[Recorded information]:
# # # # # # #
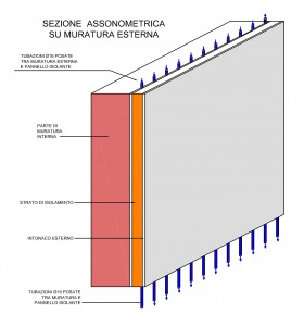 Ideato dall’ing. Gianfranco Pellegrini, il Cappotto Attivo consiste in un impianto di distribuzione dei fluidi termovettori per il riscaldamento invernale e il raffrescamento estivo, basato su una pompa di calore, posta fra l’involucro edilizio esistente e il rivestimento a cappotto esterno.
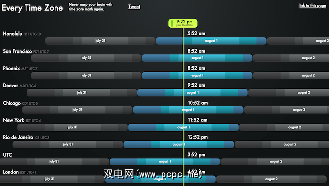 在大多数情况下,计算不同的时区可能会让人头疼。参照您的网站,该网站对世界时区的看法不那么混乱。
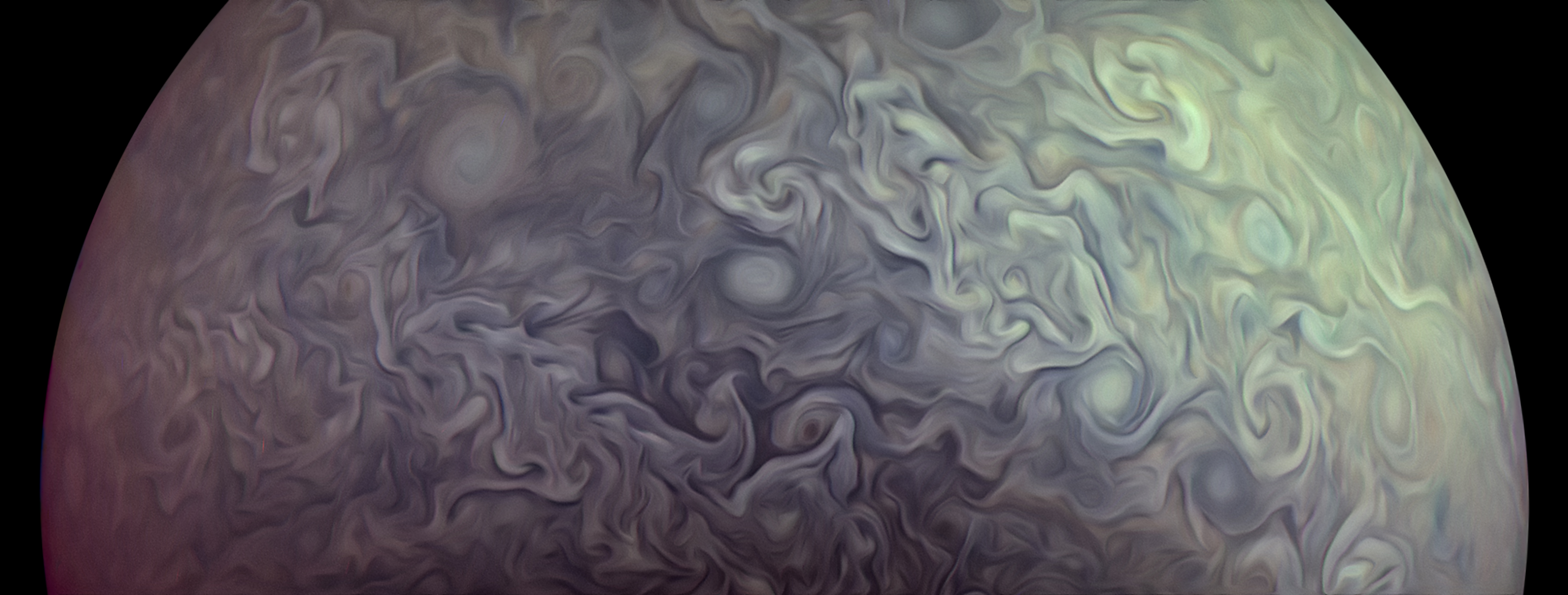 Junocam pixels are 12 bits deep from the camera but are converted to 8 bits inside the instrument using a lossless "companding" table, a process similar to gamma correction, to reduce their size. All Junocam products on the missionjuno website are in this 8-bit form as received on Earth. Scientific users interested in radiometric analysis should use the "RDR" data products archived with the Planetary Data System, which have been converted back to a linear 12-bit scale.
# # # # # # #
[What to produce]: Please copy out the whole listing exactly, minus its pictures.

[Answer area]:
 Ideato dall’ing. Gianfranco Pellegrini, il Cappotto Attivo consiste in un impianto di distribuzione dei fluidi termovettori per il riscaldamento invernale e il raffrescamento estivo, basato su una pompa di calore, posta fra l’involucro edilizio esistente e il rivestimento a cappotto esterno.
 在大多数情况下,计算不同的时区可能会让人头疼。参照您的网站,该网站对世界时区的看法不那么混乱。
 Junocam pixels are 12 bits deep from the camera but are converted to 8 bits inside the instrument using a lossless "companding" table, a process similar to gamma correction, to reduce their size. All Junocam products on the missionjuno website are in this 8-bit form as received on Earth. Scientific users interested in radiometric analysis should use the "RDR" data products archived with the Planetary Data System, which have been converted back to a linear 12-bit scale.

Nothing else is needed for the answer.